Perry also played for the Miami Dolphins.

==Early life==
Perry attended Buena Vista High School where he lettered three years in football and four years in track. He earned all-area honors in football his final two seasons. He holds the Buena Vista record for a 97-yard rush from the line of scrimmage. He also holds ranks in the top in career rushing and interceptions.

==College career==
Perry attended Eastern Michigan University from 2001-2005. He played 32 games for the Eagles and lettered three years in his career. He was named Eastern's Most Improved Back in 2003. He recorded 30 tackles and forced two fumbles in 2004. He missed his sophomore season in 2002 with a ruptured spleen. He started as a "true" freshman in 2001 and earned a letter. He garnered honors from the university such as Special Teams and Defensive Players of the Week.

==Professional career==

===First stint with Browns===
Perry was signed as an undrafted rookie free agent in spring 2006. After being signed to the practice squad in September, he found himself starting in October after the injuries to Browns starters Leigh Bodden and Daven Holly. His accomplishments are not numerous for the Browns. However, in Week 10, he recovered a Michael Vick fumble to seal the Browns' third victory of the season—redemption after being burned on a 55-yard pass from Vick to receiver Roddy White two plays previous.

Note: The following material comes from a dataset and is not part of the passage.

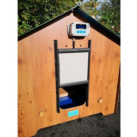 Le portier automatique ExtrĂŞme ChickenGuard convient Ă tout type de poulailler. Ce portier automatique est pilotĂ© par horloge programmable et/ou par sonde lumineuse. Il vous suffit de fixer le portier sur le poulailler et d’y attacher la trappe verrouillable ChickenGuard. Vous avez Ă©galement la possibilitĂ© d’ouvrir et de fermer le poulailler manuellement en pressant un simple bouton. Ce poulailler fonctionne dans des conditions mĂ©tĂ©o extrĂŞmes. Ouvre et ferme automatiquement la trappe de votre poulailler Grâce Ă ce portier automatique, vos poules seront protĂ©gĂ©es des prĂ©dateurs comme des renards ! Ce portier dĂ©veloppĂ© en collaboration avec notre partenaire anglais ChickenGuard gardera votre poulailler en sĂ©curitĂ©, grâce Ă un câble qui descend et remonte automatiquement la trappe, avec une course rĂ©glable. Avec ce modèle programmable avec cellule photo-Ă©lectrique, vous pouvez en plus choisir entre un pilotage par la luminositĂ© (jour/nuit ce qui permet d’ĂŞtre sĂ»r que toutes les volailles soient rentrĂ©es avant la fermeture), par horaires choisis ou en faisant un mĂ©lange des 2 possibilitĂ©s. CaractĂ©ristiques : Vous choisissez les heures d’ouverture et de fermeture et/ou le pilotage par luminositĂ© SensibilitĂ© lumineuse rĂ©glable très facilement Programmation digitale simple avec un menu en français et un Ă©cran rĂ©tro-Ă©clairĂ© Fonctionne avec 4 piles AA fournies (autonomie de plus d’1 an) Lève une trappe ou plusieurs trappes jusqu’Ă 4 kg IntĂ©gralement fabriquĂ© en Angleterre avec des composants de 1ère qualitĂ© L’Ă©lectronique est complètement protĂ©gĂ©e par une rĂ©sine Ă©poxy et un joint d’Ă©tanchĂ©itĂ© Une sĂ©curitĂ© empĂŞche l’appareil de forcer sur son mĂ©canisme en cas de blocage de la trappe Un voyant visible Ă distance (100 m) signale lorsque la trappe est fermĂ©e et quand les piles sont Ă changer Alimentation secteur possible via port USB (cordon non fourni) Dimensions : 12 x 8 x 5,5 c

Despite his strong performance as a rookie, Perry was cut by the Browns on September 8, 2007 - the day before the regular season opener. Because he appeared in more than nine games during his first season, he had no practice squad eligibility remaining.

===Miami Dolphins===
On November 7, the Miami Dolphins signed Perry, while placing linebacker Abraham Wright in Injured Reserve. He was one of eight players released by the Dolphins on April 24, 2008.

===Second stint with Browns===
On May 14, 2008, the Browns re-signed Perry. He was released Aug. 30, 2008 during the final roster cuts.